▶ [What is needed]: Locate the line containing "同学们在食堂忙得不亦乐乎,称" in the material below. Copy that line and all following lines through the end exactly, omitting any pictures.

▶ [Stored data]:
........

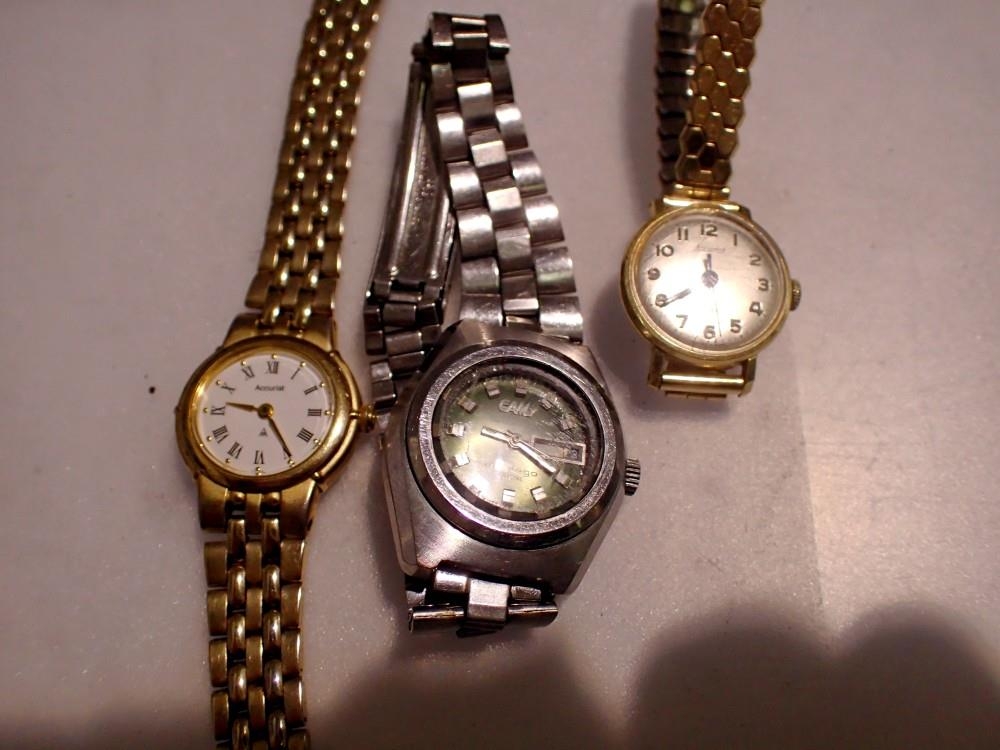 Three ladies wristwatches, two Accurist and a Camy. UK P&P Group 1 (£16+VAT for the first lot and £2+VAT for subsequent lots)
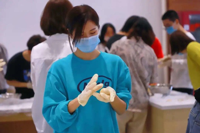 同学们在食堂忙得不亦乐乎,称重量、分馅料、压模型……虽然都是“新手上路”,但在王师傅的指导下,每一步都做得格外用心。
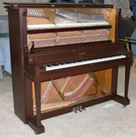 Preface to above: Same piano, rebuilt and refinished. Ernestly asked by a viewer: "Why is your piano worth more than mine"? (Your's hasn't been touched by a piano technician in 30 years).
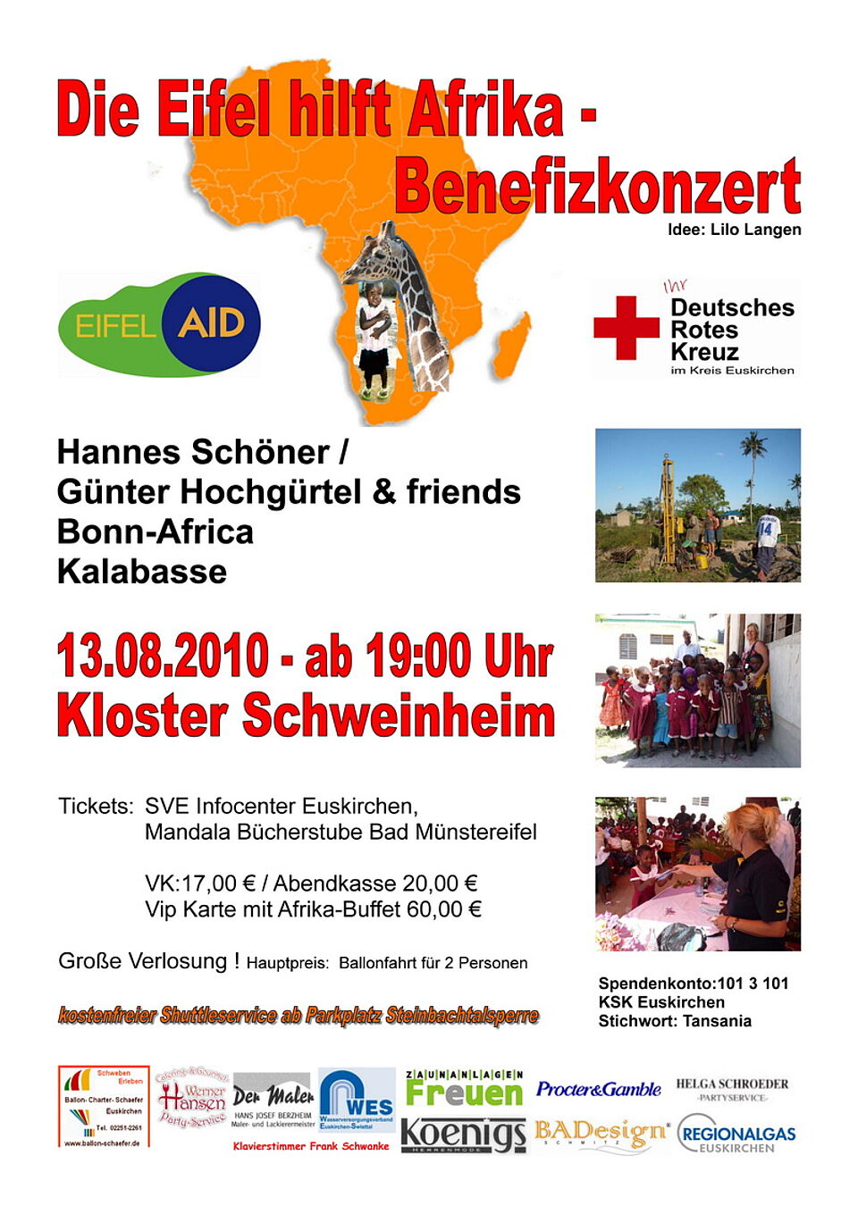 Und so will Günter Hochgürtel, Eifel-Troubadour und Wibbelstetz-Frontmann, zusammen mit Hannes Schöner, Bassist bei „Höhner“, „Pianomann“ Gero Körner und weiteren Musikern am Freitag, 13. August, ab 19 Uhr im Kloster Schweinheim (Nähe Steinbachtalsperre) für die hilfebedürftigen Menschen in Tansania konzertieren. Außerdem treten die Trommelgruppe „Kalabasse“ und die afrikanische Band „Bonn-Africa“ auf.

........

▶ [Result]:
 同学们在食堂忙得不亦乐乎,称重量、分馅料、压模型……虽然都是“新手上路”,但在王师傅的指导下,每一步都做得格外用心。
 Preface to above: Same piano, rebuilt and refinished. Ernestly asked by a viewer: "Why is your piano worth more than mine"? (Your's hasn't been touched by a piano technician in 30 years).
 Und so will Günter Hochgürtel, Eifel-Troubadour und Wibbelstetz-Frontmann, zusammen mit Hannes Schöner, Bassist bei „Höhner“, „Pianomann“ Gero Körner und weiteren Musikern am Freitag, 13. August, ab 19 Uhr im Kloster Schweinheim (Nähe Steinbachtalsperre) für die hilfebedürftigen Menschen in Tansania konzertieren. Außerdem treten die Trommelgruppe „Kalabasse“ und die afrikanische Band „Bonn-Africa“ auf.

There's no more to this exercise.